Tal vez así se explican –déjenme añadir, por mi cuenta– dos fenómenos de gran transcendencia para la reflexión moral. Me refiero, en primer lugar, a lo que Jaspers bautizó como culpa metafísica. A partir de
la solidaridad última que nos enlaza a los hombres como hombres, esa
clase de culpa nos hace sentir responsables de toda injusticia cometida
en el mundo, especialmente de la que pudimos haber impedido o mitigado. A los que tras 1945 decían avergonzarse de ser alemanes, Hannah Arendt replicaba que “yo me avergüenzo de ser un ser humano”.

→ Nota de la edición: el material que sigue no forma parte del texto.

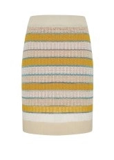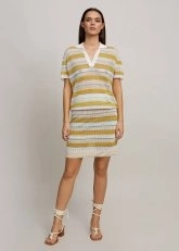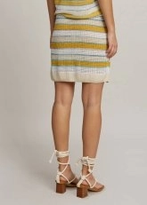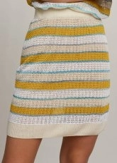 Knitss yazlık triko etek, keten karışımlı İtalyan iplik kalitesi çizgili ajur örgü deseni ile benzersizdir. İnce transparan triko etek astarlı modeli ve rahat kesimi ile çok kullanışlıdır. Keten ağırlıklı içeriği ile yaz sıcaklarında ferahlık sağlar. Hem feminen hem rahat günlük stil için uygun bir kombin tamamlayıcısıdır. Metalik ipliğin parıltısı ile çok çarpıcıdır.

El segundo fenómeno al que aludo es uno que vincula la conciencia de
culpa con el rostro o la mirada del otro. Se diría que esa conciencia por
dejar de hacer algo en favor del prójimo estará fundada siempre que
esa conducta sea obligatoria, pero no cuando es supererogatoria, es
decir, cuando representa algo que va más allá de la llamada del deber.
En este último caso, las excusas con que nos justificamos estarían fuera
de lugar porque nadie podría reclamárnoslas. Si pese a ello las ofrecemos, ¿no será para así librarnos de la compulsión moral que emana del
rostro del prójimo defraudado? Aurelio Arteta es catedrático de Filosofía Moral y Política de la UPV.